Workload-Aware Idle State Management. Various proposals exist for techniques that profile incoming request streams and use that information to improve power management decisions. SleepScale [liu2014sleepscale] is a runtime power management tool that selects the most efficient C-state and DVFS setting for a given QoS constraint based on workload profiling information. WASP [yao2017wasp] proposes a two-level power management framework; the first level tries to steer bursty request streams to a subset of servers, such that other machines can leverage deeper, longer-latency idle states; the second level adjusts local power management decisions based on workload characteristics such as job size, arrival pattern and system utilization. Similarly, CARB [zhan2016carb] tries to pack requests into a small subset of cores, while limiting latency degradation, so that the other cores have longer quiet times and can transition to deeper C-states. The idea of packing requests onto a subset of active cores, so as to extend quiet periods on other cores is further explored by other work focusing on both C-state and DVFS management [chou2016dynsleep, asyabi2020peafowl, chou2019mudpm]. These proposals are orthogonal to AW: while our new C6A C-state can provide most of the benefits of a deep idle state at much lower latency, advanced and workload-aware sleep management techniques can still bring additional power savings by enabling cores to enter traditional deeper, higher-latency C-states.
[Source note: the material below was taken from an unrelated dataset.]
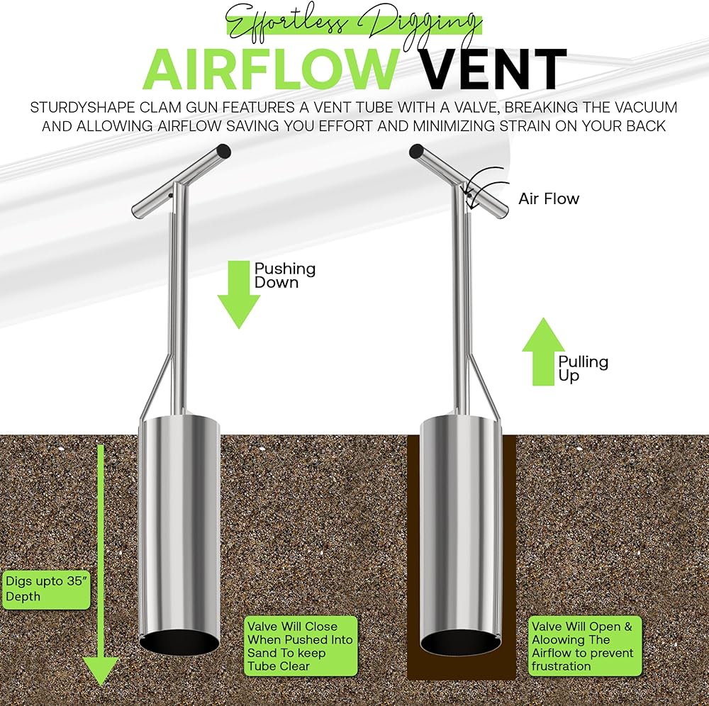 الفتحة: لسهولة السحب وتحسين الكفاءة، يتميز SturdyShape Clam Gun بأنبوب تهوية مع صمام، مما يكسر المكنسة الكهربائية ويسمح بتدفق الهواء، مما يوفر جهدك ويقلل الضغط على ظهرك.
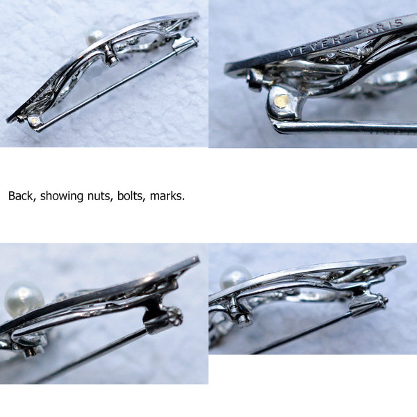 Marks and Metal: VEVER - PARIS engraved on the side. Another pair of dog hallmarks (for platinum)on the side and one on the pin as well as a model number 2798.

This paper presents the design of AgileWatts (AW): a new C-state architecture that leverages existing power-gating and power-saving technologies and judicious choice for which core units to power gate and which to keep ungated to maximize power reduction while minimizing exit latency overhead. AW represents the first attempt to reconcile deep low power states with fast exit latency with an end goal to eliminate killer microseconds that prevent servers running latency critical microservices from entering deep energy saving states. Our detailed evaluation reveals that AW has the potential to realize power savings up to 71% per core at a worst-case 1% performance degradation. These findings support the adoption of AW in future CPUs targeting servers in datacenters running microservices and calls for further research that will explore additional opportunities presented by applications, operating systems, microarchitecture and technology to make deep idle states more energy proportional and latency friendly.